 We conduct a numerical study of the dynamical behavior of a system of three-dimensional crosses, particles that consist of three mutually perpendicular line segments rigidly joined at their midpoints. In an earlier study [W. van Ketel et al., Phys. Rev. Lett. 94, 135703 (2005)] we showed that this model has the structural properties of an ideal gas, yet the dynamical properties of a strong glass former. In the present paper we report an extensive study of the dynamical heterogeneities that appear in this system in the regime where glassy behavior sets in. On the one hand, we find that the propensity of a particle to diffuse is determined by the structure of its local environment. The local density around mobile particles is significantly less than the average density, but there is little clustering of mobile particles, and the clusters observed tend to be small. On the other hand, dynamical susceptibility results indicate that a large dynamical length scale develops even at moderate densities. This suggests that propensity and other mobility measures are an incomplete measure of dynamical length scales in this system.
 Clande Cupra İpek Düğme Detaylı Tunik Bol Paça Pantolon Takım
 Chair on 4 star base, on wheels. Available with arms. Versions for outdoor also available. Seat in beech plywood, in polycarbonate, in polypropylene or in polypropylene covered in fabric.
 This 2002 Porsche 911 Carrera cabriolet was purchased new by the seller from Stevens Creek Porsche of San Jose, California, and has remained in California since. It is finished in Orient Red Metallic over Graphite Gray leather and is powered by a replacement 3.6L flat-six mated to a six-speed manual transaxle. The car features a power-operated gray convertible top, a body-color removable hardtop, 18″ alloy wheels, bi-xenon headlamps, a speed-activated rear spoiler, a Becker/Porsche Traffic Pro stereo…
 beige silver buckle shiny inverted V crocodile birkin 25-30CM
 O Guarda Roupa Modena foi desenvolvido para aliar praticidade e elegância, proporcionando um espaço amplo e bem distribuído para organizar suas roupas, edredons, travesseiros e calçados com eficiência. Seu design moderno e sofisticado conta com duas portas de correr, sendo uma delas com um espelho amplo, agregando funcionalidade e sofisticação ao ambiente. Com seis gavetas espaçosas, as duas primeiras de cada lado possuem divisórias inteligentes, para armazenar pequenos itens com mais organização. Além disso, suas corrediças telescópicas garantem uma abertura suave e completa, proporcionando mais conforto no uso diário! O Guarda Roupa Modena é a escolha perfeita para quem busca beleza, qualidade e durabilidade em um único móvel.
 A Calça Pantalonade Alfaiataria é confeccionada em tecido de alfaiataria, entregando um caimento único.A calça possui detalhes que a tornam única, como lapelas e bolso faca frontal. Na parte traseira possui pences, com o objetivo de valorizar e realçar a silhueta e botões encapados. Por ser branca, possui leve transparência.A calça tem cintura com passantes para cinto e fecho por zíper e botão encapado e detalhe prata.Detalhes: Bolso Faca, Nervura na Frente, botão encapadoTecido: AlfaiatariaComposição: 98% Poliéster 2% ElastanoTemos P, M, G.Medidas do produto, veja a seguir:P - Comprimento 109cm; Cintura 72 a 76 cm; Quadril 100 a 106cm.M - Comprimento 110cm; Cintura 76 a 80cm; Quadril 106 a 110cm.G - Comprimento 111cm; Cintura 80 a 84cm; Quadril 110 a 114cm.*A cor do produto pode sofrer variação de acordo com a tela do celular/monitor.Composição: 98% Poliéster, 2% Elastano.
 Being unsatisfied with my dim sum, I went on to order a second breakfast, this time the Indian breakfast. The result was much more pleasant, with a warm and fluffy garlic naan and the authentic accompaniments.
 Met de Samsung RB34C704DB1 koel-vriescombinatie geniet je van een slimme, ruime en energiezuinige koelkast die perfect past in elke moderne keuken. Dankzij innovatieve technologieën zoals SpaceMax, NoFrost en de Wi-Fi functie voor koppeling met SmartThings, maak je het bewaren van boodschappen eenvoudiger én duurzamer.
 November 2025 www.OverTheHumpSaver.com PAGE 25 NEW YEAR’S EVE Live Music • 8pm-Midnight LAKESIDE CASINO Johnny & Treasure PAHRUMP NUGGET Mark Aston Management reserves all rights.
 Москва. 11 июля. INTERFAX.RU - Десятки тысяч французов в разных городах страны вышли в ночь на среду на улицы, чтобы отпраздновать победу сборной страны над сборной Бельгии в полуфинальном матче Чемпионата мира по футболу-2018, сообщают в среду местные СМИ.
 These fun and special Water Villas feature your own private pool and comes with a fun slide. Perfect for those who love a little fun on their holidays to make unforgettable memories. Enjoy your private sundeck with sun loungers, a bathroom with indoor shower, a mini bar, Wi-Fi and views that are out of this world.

= WHAT YOU WILL DO =
What you return must be the lines above that run from the line with "Clande Cupra İpek" to the line with "beige silver buckle", inclusive, each copied exactly.

= ANSWER BELOW =
 Clande Cupra İpek Düğme Detaylı Tunik Bol Paça Pantolon Takım
 Chair on 4 star base, on wheels. Available with arms. Versions for outdoor also available. Seat in beech plywood, in polycarbonate, in polypropylene or in polypropylene covered in fabric.
 This 2002 Porsche 911 Carrera cabriolet was purchased new by the seller from Stevens Creek Porsche of San Jose, California, and has remained in California since. It is finished in Orient Red Metallic over Graphite Gray leather and is powered by a replacement 3.6L flat-six mated to a six-speed manual transaxle. The car features a power-operated gray convertible top, a body-color removable hardtop, 18″ alloy wheels, bi-xenon headlamps, a speed-activated rear spoiler, a Becker/Porsche Traffic Pro stereo…
 beige silver buckle shiny inverted V crocodile birkin 25-30CM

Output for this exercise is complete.